What Kinds of Studies Are Likely to Replicate?

Replicated scientists 03 01 18

In the hard sciences, there is a publication called the Journal of Irreproducible Results.  It really has nothing to do with replication of experiments, but is a humor journal by and for scientists.  The reason I bring it up is that to chemists and biologists and astronomers and physicists, for example, an inability to replicate an experiment is a sure indication that the original experiment was wrong.  To the scientific mind, a Journal of Irreproducible Results is inherently funny, because it is a journal of nonsense.

Replication, the ability to repeat an experiment and get a similar result, is the hallmark of a mature science.  Sad to say, replication is rare in educational research, which says a lot about our immaturity as a science.  For example, in the What Works Clearinghouse, about half of programs across all topics are represented by a single evaluation.  When there are two or more, the results are often very different.  Relatively recent funding initiatives, especially studies supported by Investing in Innovation (i3) and the Institute for Education Sciences (IES), and targeted initiatives such as Striving Readers (secondary reading) and the Preschool Curriculum Evaluation Research (PCER), have added a great deal in this regard. They have funded many large-scale, randomized, very high-quality studies of all sorts of programs in the first place, and many of these are replications themselves, or they provide a good basis for replications later.  As my colleagues and I have done many reviews of research in every area of education, pre-kindergarten to grade 12 (see www.bestevidence.org), we have gained a good intuition about what kinds of studies are likely to replicate and what kinds are less likely.

First, let me define in more detail what I mean by “replication.”  There is no value in replicating biased studies, which may well consistently find the same biased results (as when, for example, both the original studies and the replication studies used the same researcher- or developer-made outcome measures that are slanted toward the content the experimental group experienced but not what the control group experienced) (See http://www.tandfonline.com/doi/abs/10.1080/19345747.2011.558986.)

Instead, I’d consider a successful replication one that shows positive outcomes both in the original studies and in at least one large-scale, rigorous replication. One obvious way to increase the chances that a program producing a positive outcome in one or more initial studies will succeed in such a rigorous replication evaluation is to use a similar, equally rigorous evaluation design in the first place. I think a lot of treatments that fail to replicate are ones that used weak methods in the original studies. In particular, small studies tend to produce greatly inflated effect sizes (see http://www.bestevidence.org/methods/methods.html), which are unlikely to replicate in larger evaluations.
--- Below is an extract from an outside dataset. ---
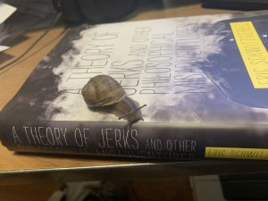 Eric’s pet garden snail, Mermaid, exploring his most recent book.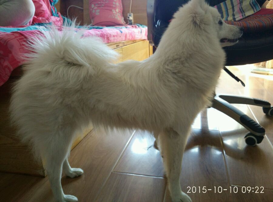 今天上秤一秤十五斤,这阵子每天早上吸一遍地,有时候晚上也得再扫扫,天天屋里跟下雪似的,什么时候梳毛什么时候就是一把。

Another factor likely to contribute to replicability is use in the earlier studies of methods or conditions that can be repeated in later studies, or in schools in general. For example, providing teachers with specific manuals, videos demonstrating the methods, and specific student materials all add to the chances that a successful program can be successfully replicated. Avoiding unusual pilot sites (such as schools known to have outstanding principals or staff) may contribute to replication, as these conditions are unlikely to be found in larger-scale studies. Having experimenters or their colleagues or graduate students extensively involved in the early studies diminishes replicability, of course, because those conditions will not exist in replications.
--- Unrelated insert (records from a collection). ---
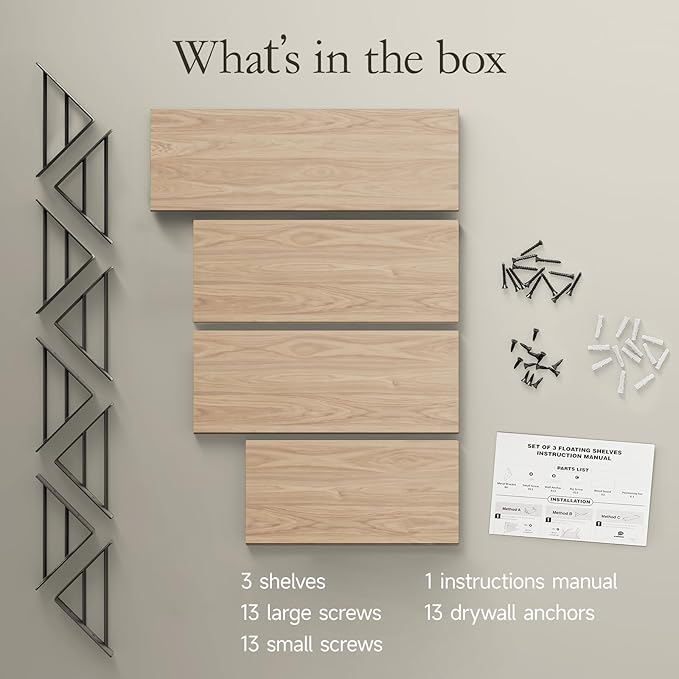 - **Three different size Floating Shelves for All** : Large: 16.5 Ă— 5.5 Ă— 4.6 inches; Medium: 14.2 Ă— 5.5 Ă— 4.6 inches; Small: 11.4 Ă— 5.5 Ă— 4.6 inches. These floating shelves are wider and sturdier than others to safely hold collectibles, photos, small plants and showcase favorite dishes or build your own coffee bar. Easy to assemble with all necessary hardware included according to the instruction steps.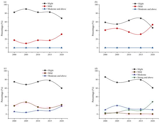 Temporal variations of percentage (%) of soil erosion grades at different slopes at (a) 0–5°, (b) 5–8°, (c) 8–15°, and (d) 15–35° from 2000 to 2020.
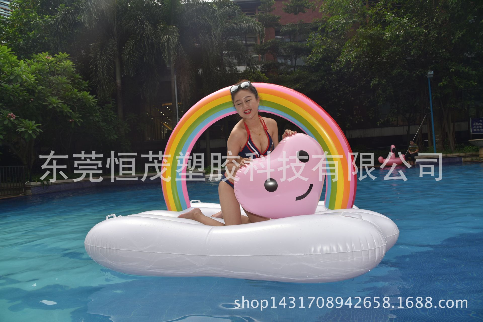 模特手上的爱心球玩具也有现货,可同时选购,水上娱乐 乐趣无穷

Replications are entirely possible. I wish there were a lot more of them in our field. Showing that programs can be effective in just two rigorous evaluations is way more convincing than just one. As evidence becomes more and more important, I hope and expect that replications, perhaps carried out by states or districts, will become more common.
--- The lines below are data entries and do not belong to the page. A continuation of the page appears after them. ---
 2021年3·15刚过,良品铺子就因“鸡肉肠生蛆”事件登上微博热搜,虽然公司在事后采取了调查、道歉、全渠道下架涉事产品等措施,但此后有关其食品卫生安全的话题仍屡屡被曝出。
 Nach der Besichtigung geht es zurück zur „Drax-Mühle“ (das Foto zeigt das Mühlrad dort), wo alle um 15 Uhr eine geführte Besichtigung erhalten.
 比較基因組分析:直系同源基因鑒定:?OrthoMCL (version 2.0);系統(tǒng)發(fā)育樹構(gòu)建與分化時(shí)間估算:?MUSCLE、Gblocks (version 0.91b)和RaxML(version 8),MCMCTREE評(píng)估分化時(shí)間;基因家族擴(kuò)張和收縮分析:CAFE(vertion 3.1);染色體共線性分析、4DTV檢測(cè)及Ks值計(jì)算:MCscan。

The Journal of Irreproducible Results is fun, but it isn’t science. I’d love to see a Journal of Replications in Education to tell us what really works for kids.

This blog was developed with support from the Laura and John Arnold Foundation. The views expressed here do not necessarily reflect those of the Foundation.


Evidence for ESSA Celebrates its First Anniversary

Penguin 02 22 18On February 28, 2017 we launched Evidence for ESSA (www.evidenceforessa.org), our website providing the evidence to support educational programs according to the standards laid out in the Every Child Succeeds Act in December, 2015.

Evidence for ESSA began earlier, of course. It really began one day in September, 2016, when I heard leaders of the Institute for Education Sciences (IES) and the What Works Clearinghouse (WWC) announce that the WWC would not be changed to align with the ESSA evidence standards. I realized that no one else was going to create scientifically valid, rapid, and easy-to-use websites providing educators with actionable information on programs meeting ESSA standards. We could do it because our group at Johns Hopkins University, and partners all over the world, had been working for many years creating and updating another website, the Best Evidence Encyclopedia (BEE; www.bestevidence.org).BEE reviews were not primarily designed for practitioners and they did not align with ESSA standards, but at least we were not starting from scratch.

We assembled a group of large membership organizations to advise us and to help us reach thoughtful superintendents, principals, Title I directors, and others who would be users of the final product. They gave us invaluable advice along the way. We also assembled a technical working group (TWG) of distinguished researchers to advise us on key decisions in establishing our website.

It is interesting to note that we have not been able to obtain adequate funding to support Evidence for ESSA. Instead, it is mostly being written by volunteers and graduate students, all of whom are motivated only by a passion for evidence to improve the education of students.

A year after launch, Evidence for ESSA has been used by more than 36,000 unique users, and I hear that it is very useful in helping states and districts meet the ESSA evidence standards.

We get a lot of positive feedback, as well as complaints and concerns, to which we try to respond rapidly. Feedback has been important in changing some of our policies and correcting some errors and we are glad to get it.

At this moment we are thoroughly up-to-date on reading and math programs for grades pre-kindergarten to 12, and we are working on science, writing, social-emotional outcomes, and summer school. We are also continuing to update our more academic BEE reviews, which draw from our work on Evidence for ESSA.

In my view, the evidence revolution in education is truly a revolution. If the ESSA evidence standards ultimately prevail, education will at long last join fields such as medicine and agriculture in a dynamic of practice to development to evaluation to dissemination to better practice, in an ascending spiral that leads to constantly improving practices and outcomes.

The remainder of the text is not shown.